Like you guys, I'm getting all my updates and info through Heidi. It's been three days now since I've seen Noa. I picked up the cold that the kids have... Last thing that I want to do is go spreading my virus to Noa or the NICU. I've been spending a lot of time with Ruby and Emmaus and I picked up a copy of The Hobbit to read before the movie comes out. It's been like catching up with an old friend.
So we didn't see much of a change with Noa today or yesterday.
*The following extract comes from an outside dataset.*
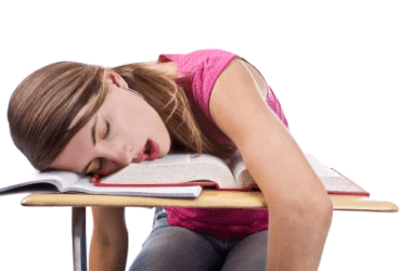 A girl lies inert on her desk.

Still waiting on those kidneys to kick in. Dr's are hoping that this dialysis circuit makes it through tonight. They've been hoping to push Noa's kidneys with the circuit running for 7 days. Lately we've been running into problem with the circuits lasting for 3-4 days. She's shown, more often then not, that she doesn't like the change and her condition drops to a point that she needs intervention. (She hasn't fully "coded", where her heart has stopped and needed resuscitation, but it's still scary). These episodes tend to set Noa back a couple days... By the time she regains the ground that she's lost, it's time to change the circuit again... It's kind of a catch 22, It's care that her body needs, till her kidneys kick in, but because of her frailty, it's also setting her back. It's also not like her body is getting stronger and adjusting to each episode, they're more likely doing damage. Another scheduled circuit change for tomorrow (Monday). Pray for pee or a smooth circuit change...
One thing that Heidi and I have talked about is that we're living so much in the moment, that it's hard to have time to process even what happened the day before. We've asked the Dr's and nurses to "tell us like it is", we don't want to be surprised by anything or caught unaware. The care conference we had on Wednesday was really heavy. Right in front of us on a white board were the things that Noa's facing right now. Noa's going to have a difficult road ahead no matter what, but the scenarios are worse if her kidneys don't start functioning.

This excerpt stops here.